Ich habe mich schon für pfiffig gehalten, weil ich gesehen habe, dass ein techsolo Kamera eigentlich von Sunplus ist, aber wie kommt man denn darauf, dass man diesen Treiber verwendet...?

Es klappt, und für alle, die wie ich das Teil mit Skype in Verbindung verwenden wollen, hier noch der Hinweis, dass man Skyp folgendermaßen starten muss, damit die Kamera erkannt wird:

LD_PRELOAD=/usr/lib32/libv4l/v4l1compat.so /opt/bin/skype "$@"
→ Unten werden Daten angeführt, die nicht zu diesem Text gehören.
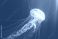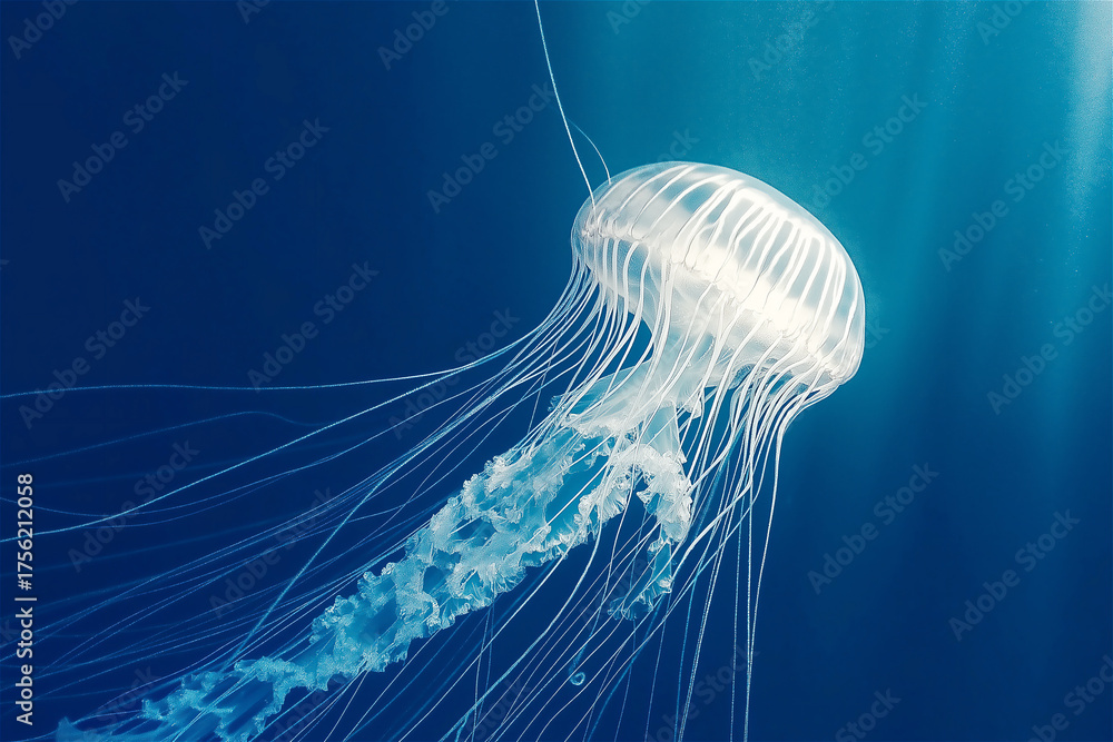 Ethereal jellyfish floating in deep blue ocean waters, showcasing the delicate, translucent beauty of marine life with an almost otherworldly, luminescent quality. #1756212058

oder aber im Menü folgendes hinterlegen in der Verknüpfung zu Skype:

env LD_PRELOAD=/usr/lib32/libv4l/v4l1compat.so skype

Schönen Abend noch allen

Obelix

----------

## SinoTech

 *Obelix wrote:*   

> ...du bist ein Hund.
> 
> Ich habe mich schon für pfiffig gehalten, weil ich gesehen habe, dass ein techsolo Kamera eigentlich von Sunplus ist, aber wie kommt man denn darauf, dass man diesen Treiber verwendet...?
> 
> [...]
> ...

 

Hab gegoogelt  :Wink:  und nebenbei passt auch die USB-ID (idProduct=0561) dazu ( SPCA561[...])

Cheers,

Sino

----------